Have you ever thought that men or human beings are very much like other animals? Have you ever tried to find out the important differences between man and what are called the lower animals? One of these differences comes right in the line of our present thought. Dogs are fond of meat, and so are most people; but dogs do not need to have their meat cooked as we do. Horses whinny for their oats at night and morning; but they would not care for our favorite breakfast dish of cooked oatmeal. Bears are partly protected from the cold by their thick, shaggy coverings of fur; but even in very cold regions they have no warm fire around which to gather.
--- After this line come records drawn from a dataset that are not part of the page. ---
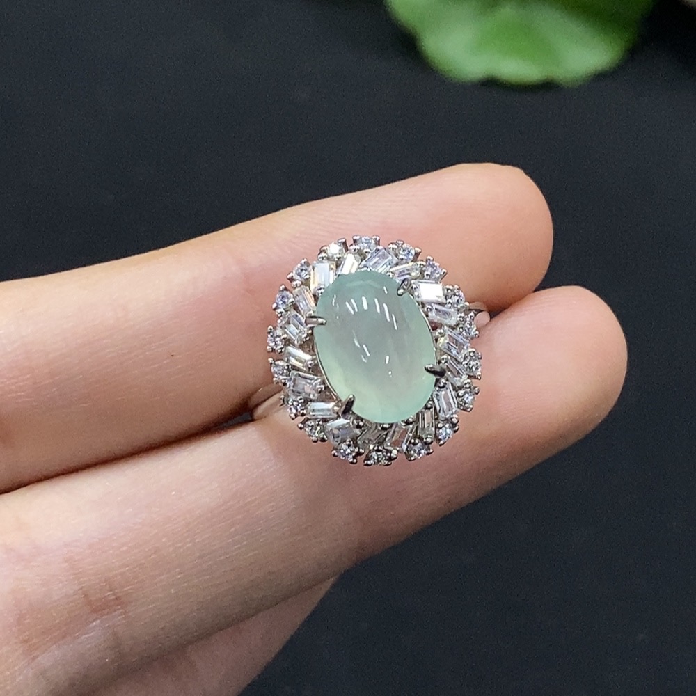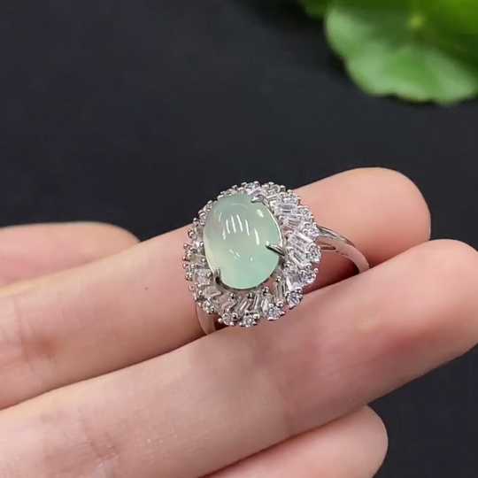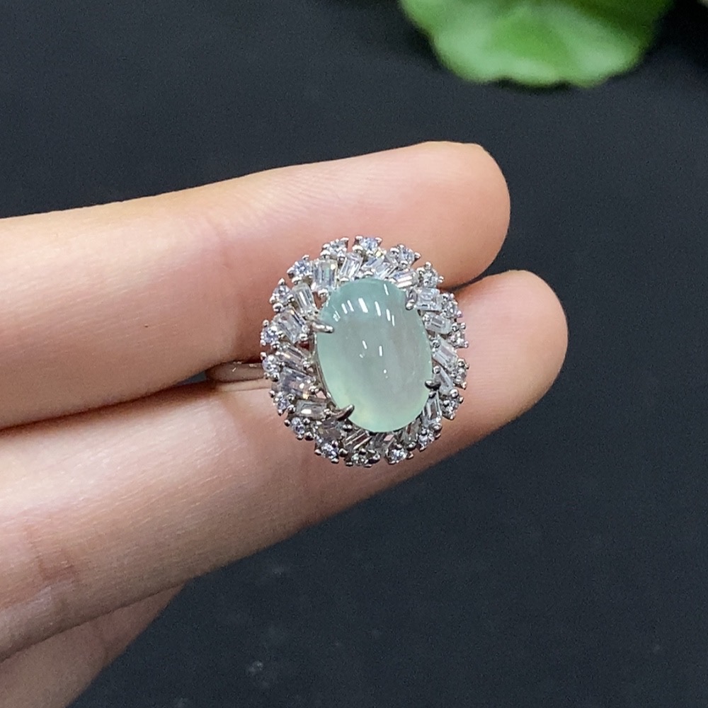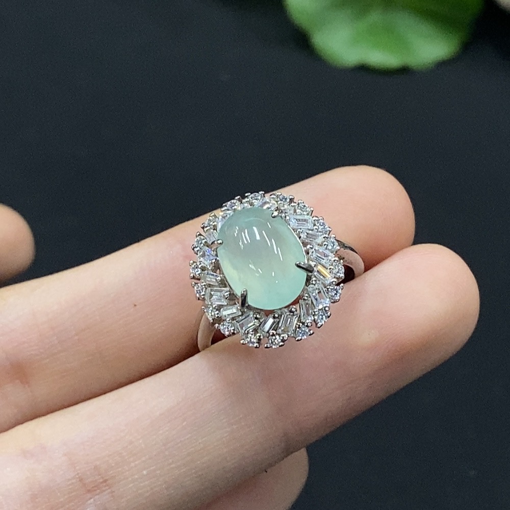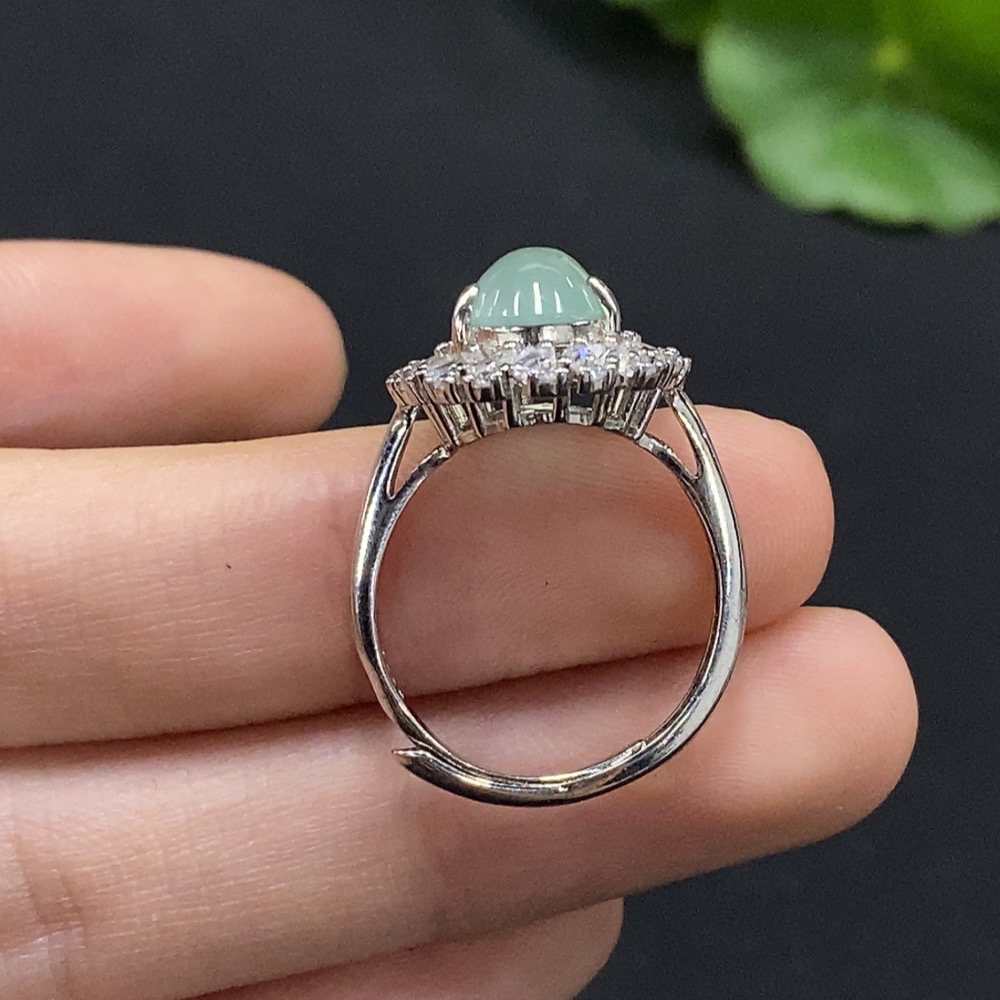 Jadeite Cabochon Inlaid Ring Non-Gold Setting Adjustable Total Weight Approx. 3.26g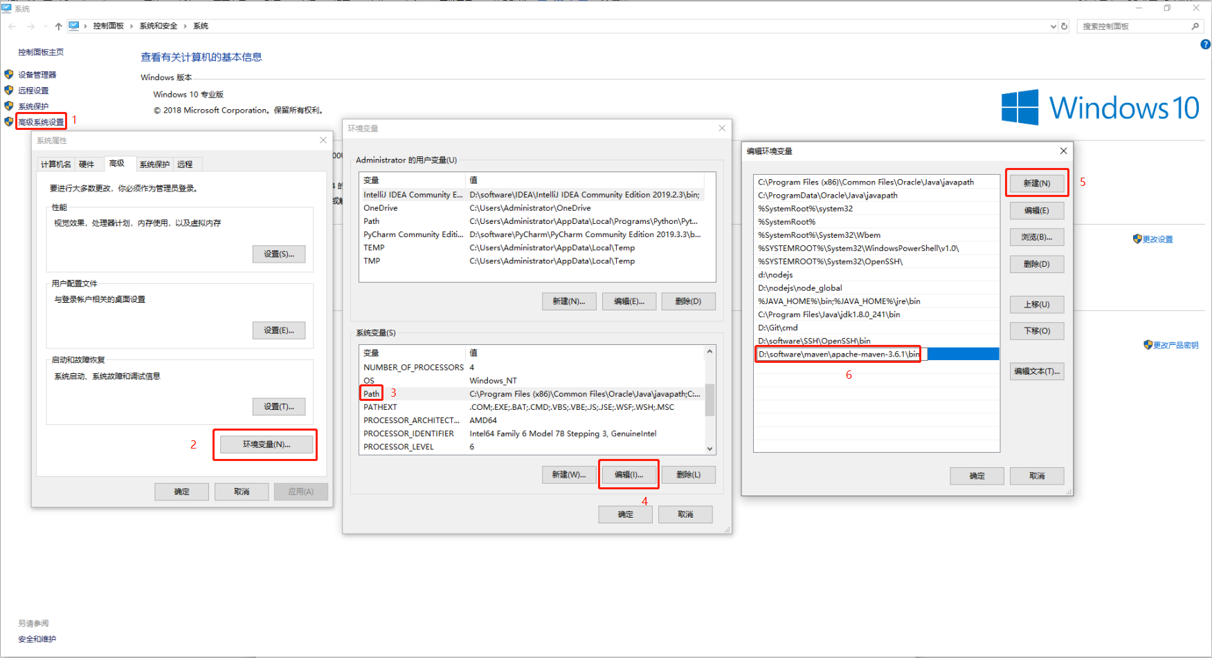(2)在电脑桌面,鼠标右键“我的电脑”—>“属性”—>“高级系统设置”—>“环境变量”—>选择“系统变量”—>找到Path,然后“编辑”将D:\software\maven\apache-maven-3.6.1\bin的绝对路径添加进去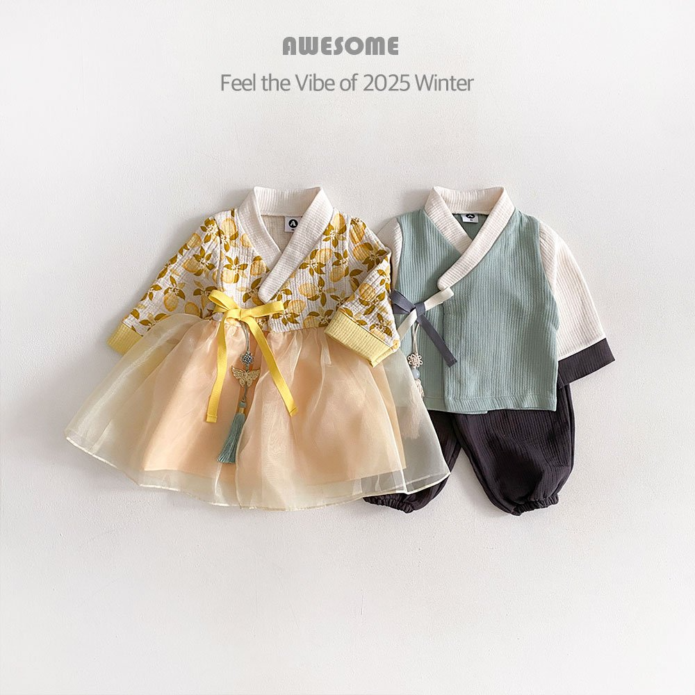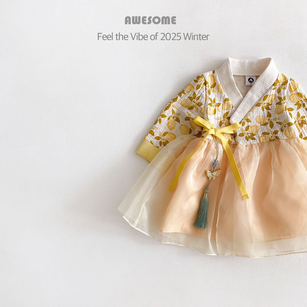 韓國 新春木瓜花果韓服 어썸베베 노란모과여아한복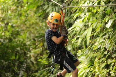 - Zip-lining high above the forest canopy, feeling the wind rush as you glide between trees deep in jungle surroundings.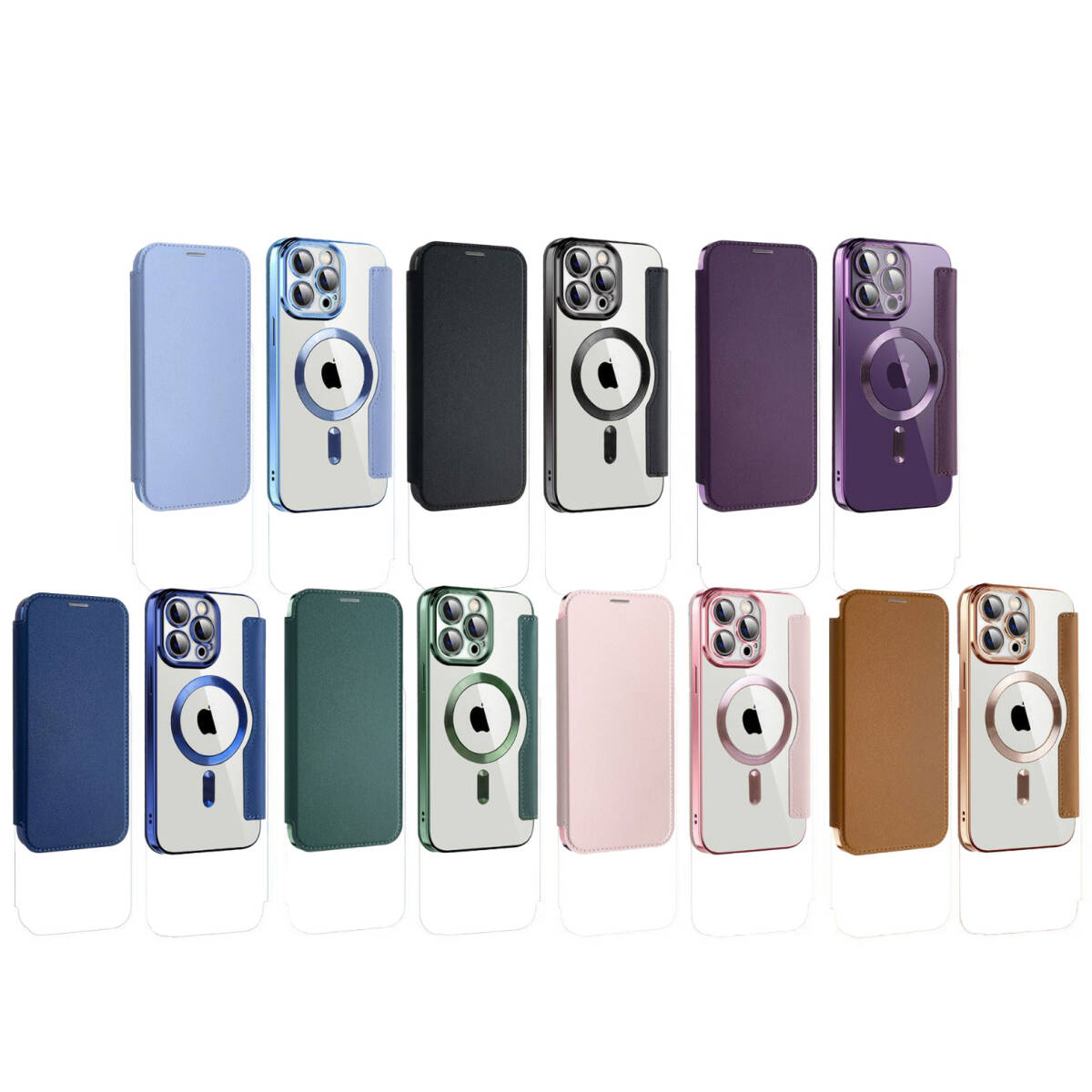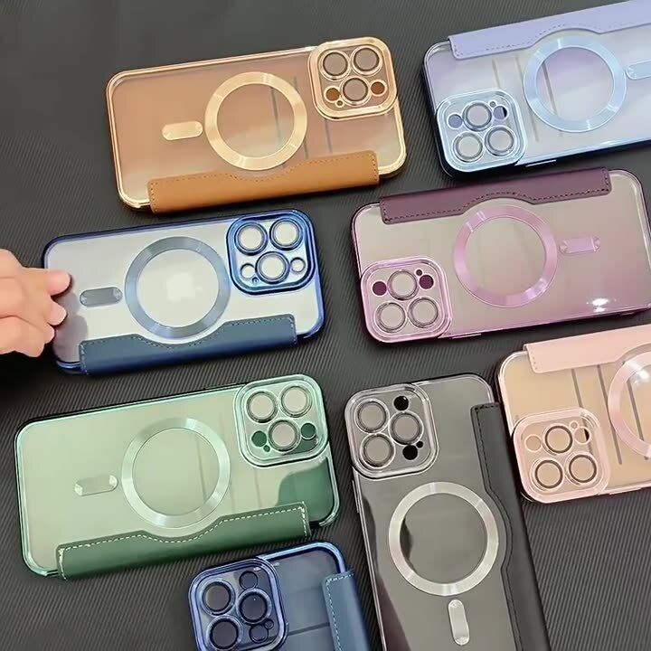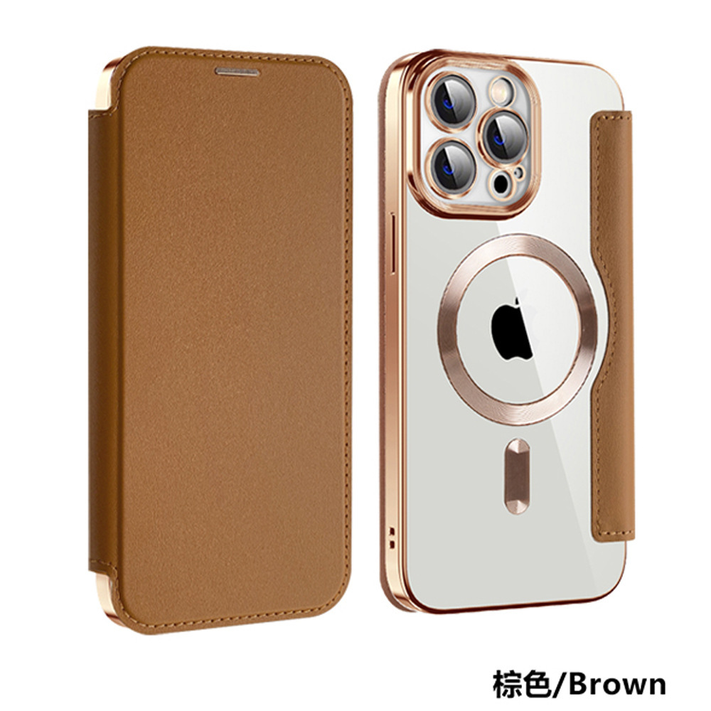 素材:PU レザー(フラップ)、TPU(インナーシェル)、PC クリア背面、電気メッキフレーム

Man is the "only fire-making animal," and to this fact he owes much of his power.

A VESTAL VIRGIN.

If we read the history of the world, and especially the story of the earlier life of the different nations and peoples, we shall find that fire was considered by them all to be one of the greatest blessings belonging to man. They thought that the gods whom they worshipped also treasured fire. The Romans offered sacrifices to Vesta, the goddess of the fireplace, and it was the duty of the vestal virgins to keep a fire always burning on her altar. Among the Greeks the hearth or fireplace itself was an object of worship.